- Born: 23 May 1784 Kings Lynn, Norfolk, England
- Died: 30 August 1835 (aged 51) near Portman Square, London
- Resting place: Kensal Green Cemetery
- Occupation: Architect

= Francis Goodwin (architect) =

English architect

Francis Goodwin (23 May 1784 – 30 August 1835) was an English architect.

==Biography==
He was born in Kings Lynn, Norfolk, the eldest son of William Goodwin, who was a carpenter. He was trained as an architect by J. Coxedge in Kensington, London. In 1806, he exhibited a view of a chapel in Kings Lynn at the Royal Academy. He married twice, in 1808 to Mary Stort, and in 1818 to Elizabeth Reynolds. From the marriages he had at least five sons.

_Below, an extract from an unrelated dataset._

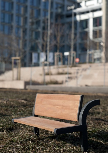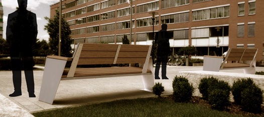 „… a cseh kubizmust idézi. Felhasználása ergonómiailag megfelelő, anyaghasználatában reprezentálja a megrendelő cég image-ét. Szempont volt a szabad gondolkodás (pad mint szobor) és a funkcionális gondolkodás (pad mint utcabútor) ütköztetése.”

Goodwin started his architectural career with work on two churches in Kings Lynn, His big opportunity came with the passing of the Church Building Act 1818 which granted £1 million (equivalent to £ million in ) for the building of what became known as Commissioners' churches. Nine of the churches he designed for the commissioners were accepted and completed. He designed new churches for other clients, and also rebuilt or remodelled churches. Goodwin received commissions for civic buildings, in particular town halls for Manchester and Macclesfield, markets for Leeds and Salford, and for Derby Gaol. Most of the designs for churches were in Gothic Revival style, while those for the civic buildings were mainly Neoclassical. Later in his career he became involved with domestic architecture, in particular in designing Lissadell House in County Sligo, Ireland, for Sir Robert Gore-Booth. In 1833, Goodwin self-published his work entitled Domestic Architecture, being a Series of Designs for Mansions, Villas, Rectory Houses, Parsonage Houses, Bailiffs’ Lodge, Gardener’s Lodge, Game-keeper’s Lodge, Park Gate Lodge etc. in the Grecian, Italian and Old English style of Architecture with Observations on the Appropriate Choice of Site; the Whole Designed with Strict Reference to the Practicability of Erection, And with Due Attention to the Important Consideration of Uniting Elegance, Convenience and Domestic Comfort with Economy; the Whole Being the Result of Upwards of Thirty Years Professional Experience with Accurate Estimates Appended to Each Design.

In 1830, Goodwin prepared and published a Classical design for a ‘Grand National Cemetery’ to be laid out probably at Primrose Hill ‘intended for the prevention of the Danger and Inconvenience of Burying the Dead within the Metropolis: Proposed to be erected by a Capital of 400,000 [£] in 16,000 shares at 25 [£]. each’. A copy of the prospectus is in the Guildhall Library. The Grand National Cemetery was not completed.

Goodwin worked from an office near Bedford Square, London. According to the Oxford Dictionary of National Biography, he used highly competitive measures to acquire commissions, and used employees to "chase commissions" in the Midlands and northern England using "the stagecoach system". He "inundated committees" with designs, and undercut his rivals' estimates. He also created unaccepted designs for a number of major buildings, including for King's College, Cambridge, Birmingham grammar school, and the new Houses of Parliament. Goodman died suddenly from "apoplexy" in 1835 at his home near Portman Square, London, and was buried in Kensal Green Cemetery.